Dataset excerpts
:::
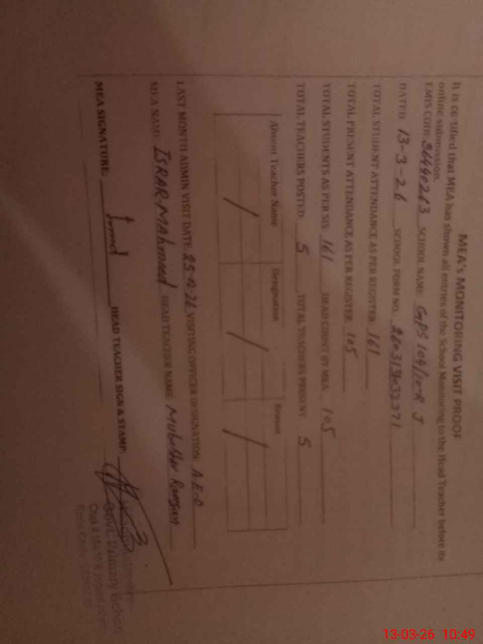 | Attendance Register | Head Teacher | MEA with School | Visit Proof |
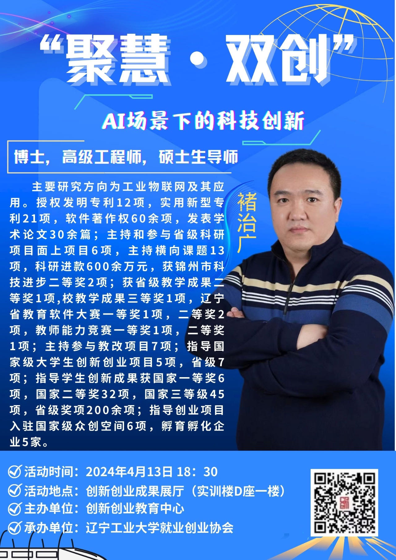 褚治广,博士,高级工程师,硕士生导师,主要研究方向工业物联网及其应用。授权发明专利12项,实用新型专利21项,软件著作权60余项,发表学术论文30余篇;主持和参与省级科研项目面上项目6项,主持横向课题13项,科研进款600余万元,获锦州市科技进步二等奖2项;教学成果获省级教学成果二等奖1项,校教学成果三等奖1项,辽宁省教育软件大赛一等奖1项,二等奖2项,教师能力竞赛一等奖1项,二等奖1项;主持参与教改项目7项;指导国家级大学生创新创业项目5项,省级7项;指导学生创新成果获国家一等奖6项,国家二等奖32项,国家三等级45项,省级奖项200余项;指导创业项目入驻国家级众创空间6项,孵育孵化企业5家。
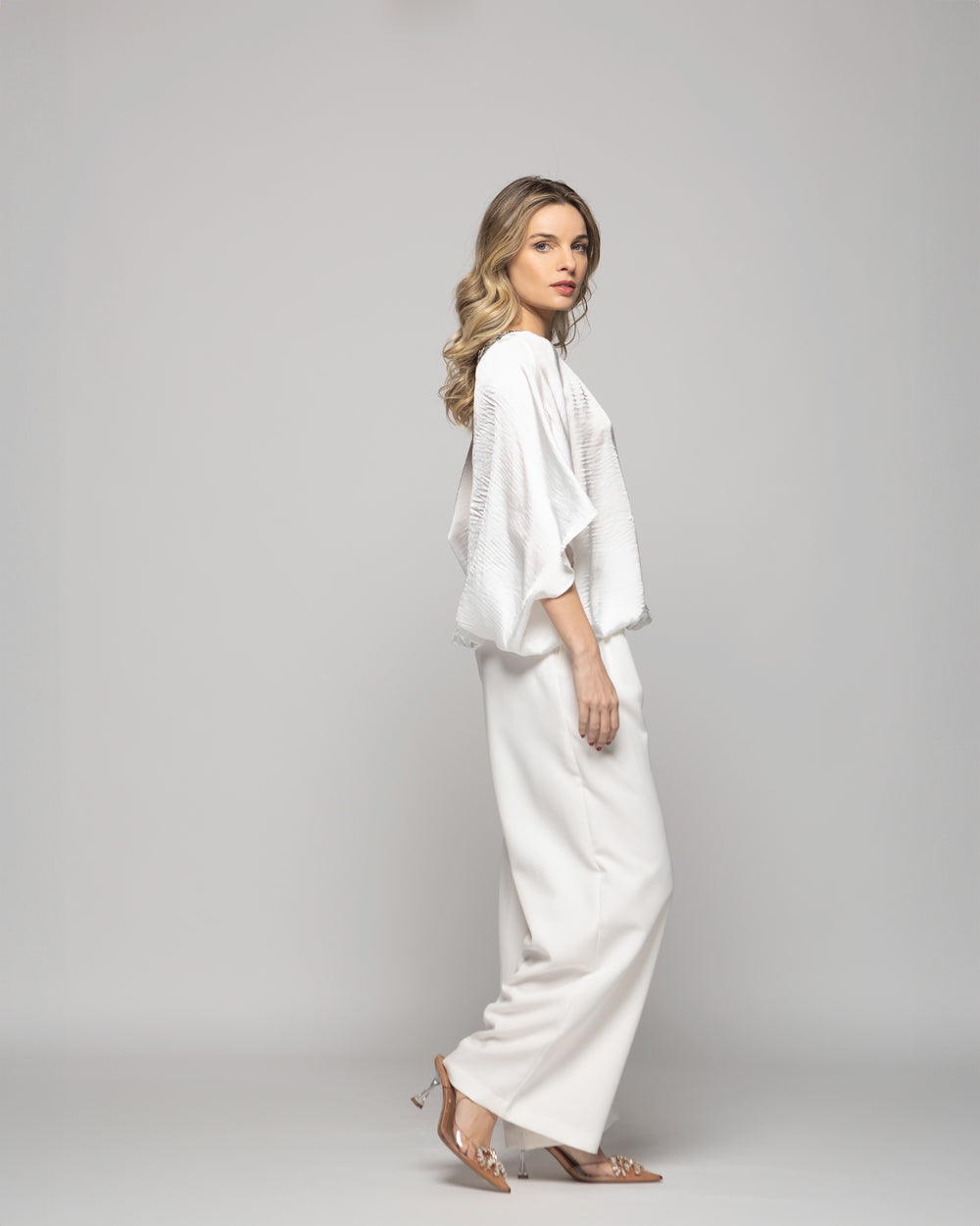 Blusa Mujer Girasol Satinada Detalle Lentejuelas Blanca Crudo Ludovica
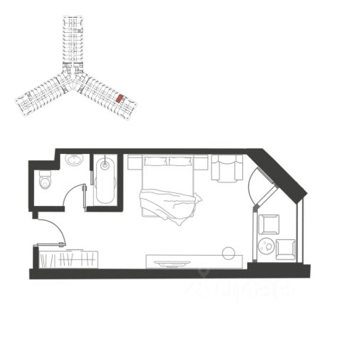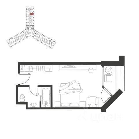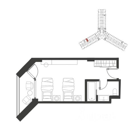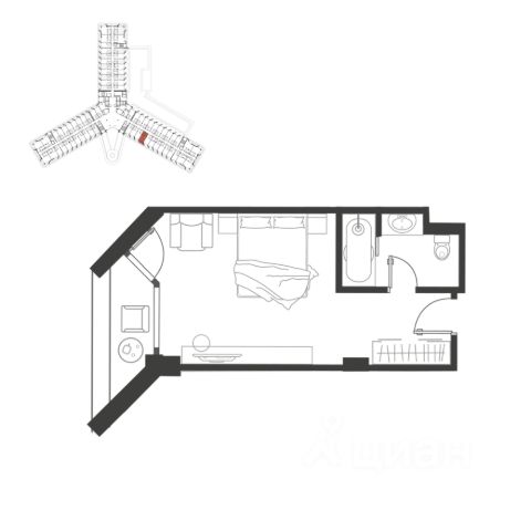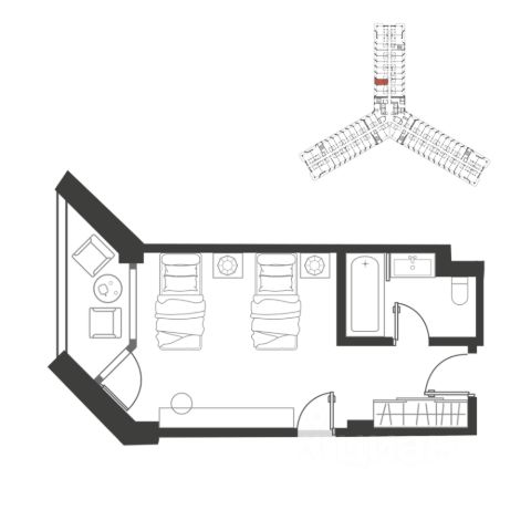 Продаётся студия-апартаменты в сданном доме (Дом 81), срок сдачи: III-кв. 2012, общей площадью 33 кв.м., на 5 этаже.
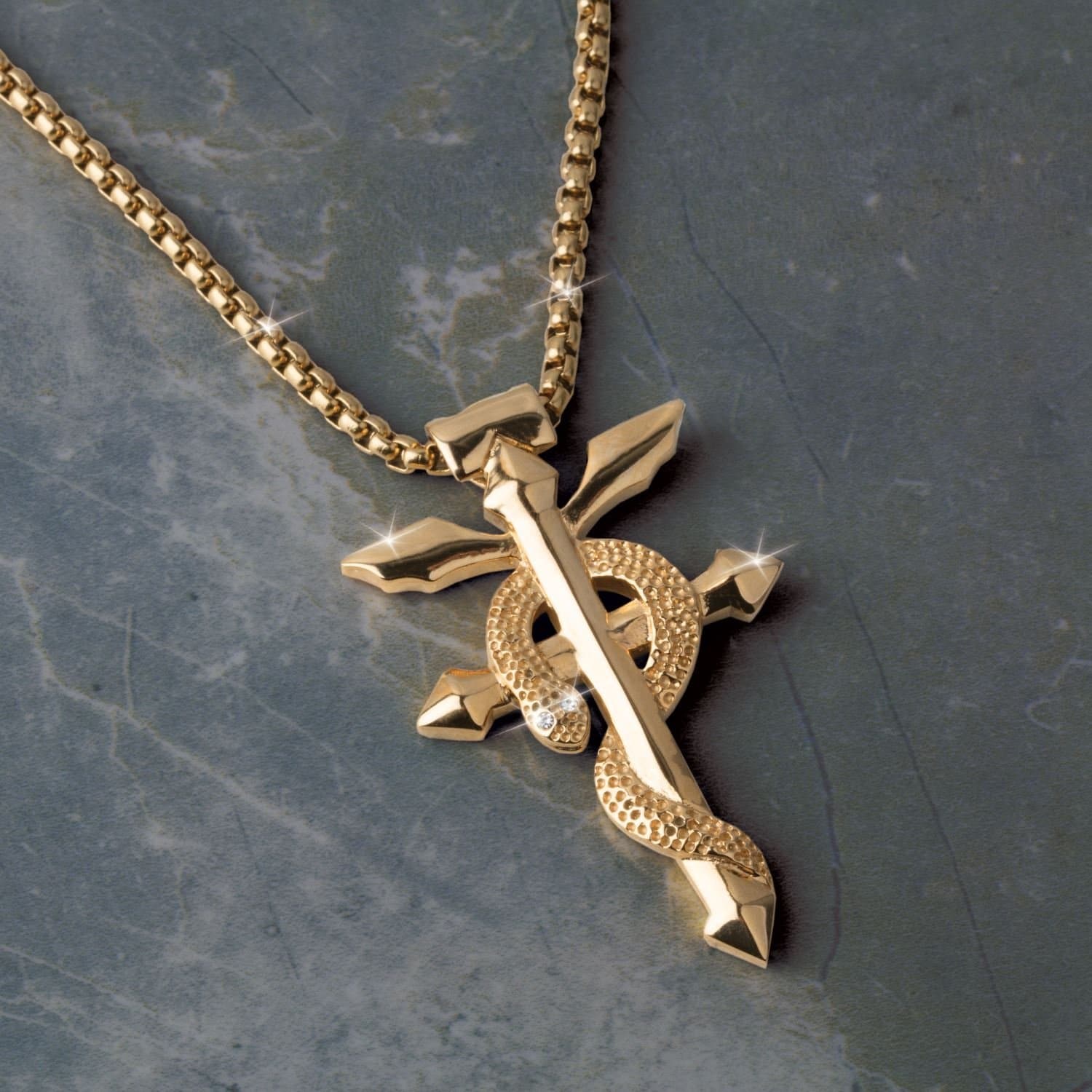 Everyone that has seen this pendant at previews has fallen in love with it - so here it is for you to enjoy. Crafted from the finest solid stainless steel, before being lavishly plated with luxurious 18k yellow gold. A textured snake that slivers around the cross pendant, staring back at onlookers with its Diamondeau® - flawless simulated diamond eyes. A beautiful, flowing pendant.
:::
*What you will do*:
Word for word, repeat each line of the records, and leave every image out.

*Task answer*:
 | Attendance Register | Head Teacher | MEA with School | Visit Proof |
 褚治广,博士,高级工程师,硕士生导师,主要研究方向工业物联网及其应用。授权发明专利12项,实用新型专利21项,软件著作权60余项,发表学术论文30余篇;主持和参与省级科研项目面上项目6项,主持横向课题13项,科研进款600余万元,获锦州市科技进步二等奖2项;教学成果获省级教学成果二等奖1项,校教学成果三等奖1项,辽宁省教育软件大赛一等奖1项,二等奖2项,教师能力竞赛一等奖1项,二等奖1项;主持参与教改项目7项;指导国家级大学生创新创业项目5项,省级7项;指导学生创新成果获国家一等奖6项,国家二等奖32项,国家三等级45项,省级奖项200余项;指导创业项目入驻国家级众创空间6项,孵育孵化企业5家。
 Blusa Mujer Girasol Satinada Detalle Lentejuelas Blanca Crudo Ludovica
 Продаётся студия-апартаменты в сданном доме (Дом 81), срок сдачи: III-кв. 2012, общей площадью 33 кв.м., на 5 этаже.
 Everyone that has seen this pendant at previews has fallen in love with it - so here it is for you to enjoy. Crafted from the finest solid stainless steel, before being lavishly plated with luxurious 18k yellow gold. A textured snake that slivers around the cross pendant, staring back at onlookers with its Diamondeau® - flawless simulated diamond eyes. A beautiful, flowing pendant.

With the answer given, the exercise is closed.